◆ Task details ◆
Every line from the one with "Endémica del territorio" through the final line of the data below goes in the answer, copied exactly. Pictures do not.

◆ Recorded information ◆

◆ ◆ ◆ ◆ ◆ ◆ ◆

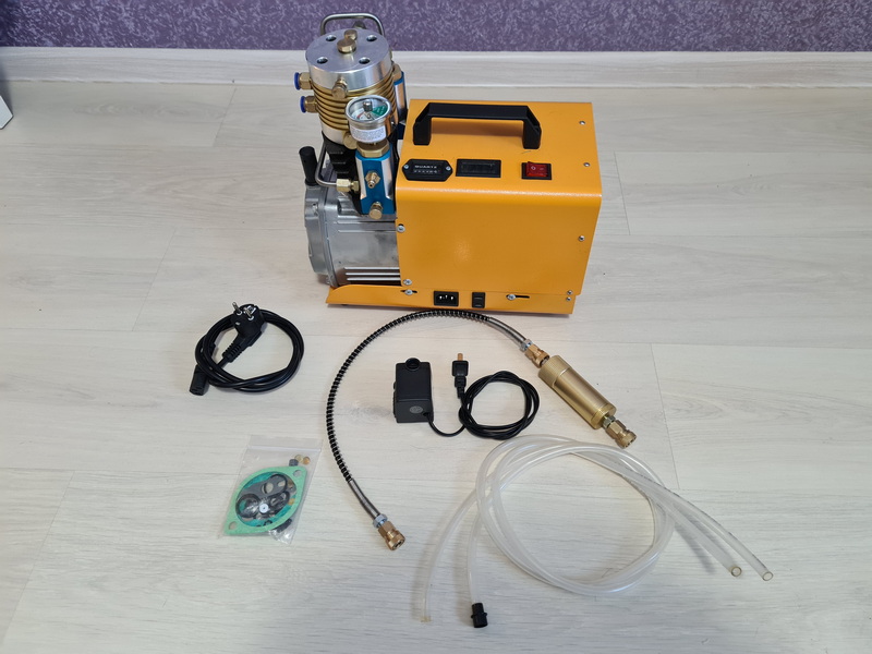 Продам компрессор ВД 220В 1.8 кВт, новый, полный комплект. С жидкостным охлаждением цилиндра ВД нового образца, с дополнительными боковыми сепараторами, с автоматическим отключением при заданном давлении, с предохранительной разрывной мембраной ВД. Дополнительно отдам комплект ЗИП, который приобретался отдельно. Компрессор доработан счетчиком моточасов. 800р.
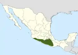 Endémica del territorio mexicano en los estados de Colima, Guerrero, Jalisco, Michoacán, Morelos, Oaxaca y Puebla.[2][4]
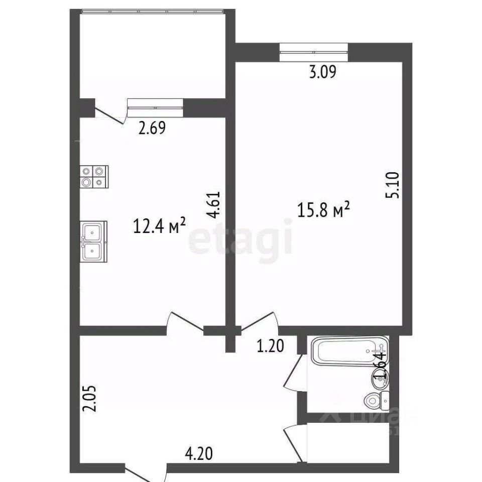2. *Кухня (или кухня-ниша):* - Отдельная кухня 12.4 м². - Вмещает необходимую технику (плита, холодильник, мойка) и обеденный стол

◆ ◆ ◆ ◆ ◆ ◆ ◆

◆ Your solution ◆
 Endémica del territorio mexicano en los estados de Colima, Guerrero, Jalisco, Michoacán, Morelos, Oaxaca y Puebla.[2][4]
2. *Кухня (или кухня-ниша):* - Отдельная кухня 12.4 м². - Вмещает необходимую технику (плита, холодильник, мойка) и обеденный стол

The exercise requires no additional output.